You’d think that the banking union would be the easiest of these reforms. What we need most of all here is to introduce a common European deposit insurance scheme, so that the savings of bank customers are protected at the European level if a bank fails. That would further strengthen confidence in the euro, because our money essentially consists of bank deposits.

Right now, Germany is balking at the idea of this kind of mutualisation – not least because many Italian banks are still harbouring masses of bad loans on their balance sheets. Nobody in this country wants to be liable for that. How can this problem be solved?

It’s already being solved. We have started to considerably reduce levels of what are known as non-performing loans in the euro area – by more than €300 billion since 2014. This reduction has come about as a result of the pressure exerted by ECB Banking Supervision. And that pressure will remain strong.

There’s another point on which Germany stands more or less alone against most other euro area countries, and that’s interest rates. German savers are waiting to receive interest again on the money they have in the bank.

I understand their concern. But German savers didn’t exactly have it better in the past. They might have got 2.25% interest on their deposits before the euro was introduced, but inflation was also much higher back then, at 2.4%. So what we call the real interest rate was negative then too.

Savers’ money was eroded.

But then there is the other side of the coin. Low interest rates help public and private borrowers. People in Germany are not making use of that. As I said before, the rate of home ownership is pretty low – and has even declined in recent years.

That’s probably mainly to do with the steep rise in property prices.

Yes, but only in cities, not everywhere. Germans could use the low lending rates to their own advantage. That would mean borrowing somewhat more, but many people just don’t want to do that.
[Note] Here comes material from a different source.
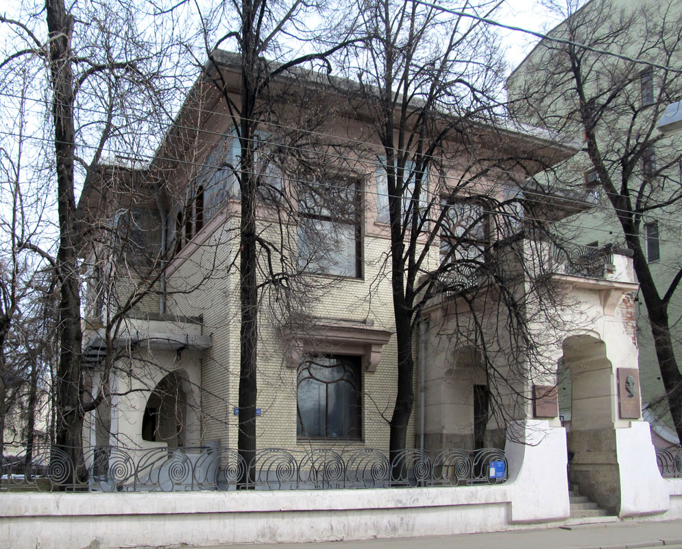 П.Рябушинского. С 1919 г. в здании размещалось государственное издательство (Госиздат), с 1925 по 1931 — Всесоюзное Общество культурных связей с заграницей. С 1931 по 1936 гг. здесь жил Горький. В 1965 г. был открыт мемориальный музей-квартира Горького. Архитектура: Кубический объем двухэтажного здания подчеркнут горизонталями сильно вынесенных плит карниза, асимметричными выступами стен, массивными крыльцами и балконами. Все фасады здания разные и неповторимые. Геометрически простые объемы сооружения перекрыты плоской крышей, над которой возвышается шатер стеклянного светового фонаря, расположенного над центральным холлом. Расположение объемов следует логике «органического» роста здания. Асимметричная композиция; на красную линию улицы выходит массивное крыльцо; фасады отступают от краной линии улицы, особняк обнесен невысокой решетчатой оградой; главный фасад обращен к церкви Вознесения (на север). Рамы окон все разные. Планировка свободная. Помещения группируются вокруг внутренней лестницы, выполненной в виде живой формы воды.

They could have taken much greater advantage of the situation.

Does that also apply to savers and investors?

Yes, people in Germany leave too much money in their account instead of investing it in other, higher-yielding assets.

All the same, can you give German savers reason to hope that interest rates will finally start to rise again in 2019?

The Governing Council of the ECB decided that the Eurosystem will continue to purchase assets at a rate of €30 billion each month until the end of September, and that interest rates should remain at their current levels beyond the end of the purchase programme. Market participants currently expect interest rates to change around the middle of next year.

As a result of the ultra-loose monetary policy of central banks, stock market prices are rising for the ninth year in a row. Can this end without a crash?

There will not necessarily be a crash. But history shows that stock markets cannot go up forever. The economy will go into a recession again at some point, and then there will also be a correction in the stock markets. Nobody knows how big that correction will be. But no one is expecting a major crisis – unless there is a huge geopolitical crisis. That would be a different situation.

The looming trade war could also be a risk for the markets. The import tariffs announced by US President Donald Trump on European products such as aluminium and steel are due to come into effect on 1 June, and Trump is already threatening further tariffs on car imports. What impact would a trade war have on the economy?

That would step up tensions and it would be bad for the entire world. Not just for us, but for the United States too. But the import tariffs concretely announced on steel and aluminium are announced so far are very limited. Products affected amount to just 2% of US imports. The problem is that if the conflict evolves as it did between the two world wars, for instance, it could have fatal consequences for the global economy.

Do you think that it will come to that?

I don’t think that anyone wants a real trade war, because everyone knows that we would all stand to lose.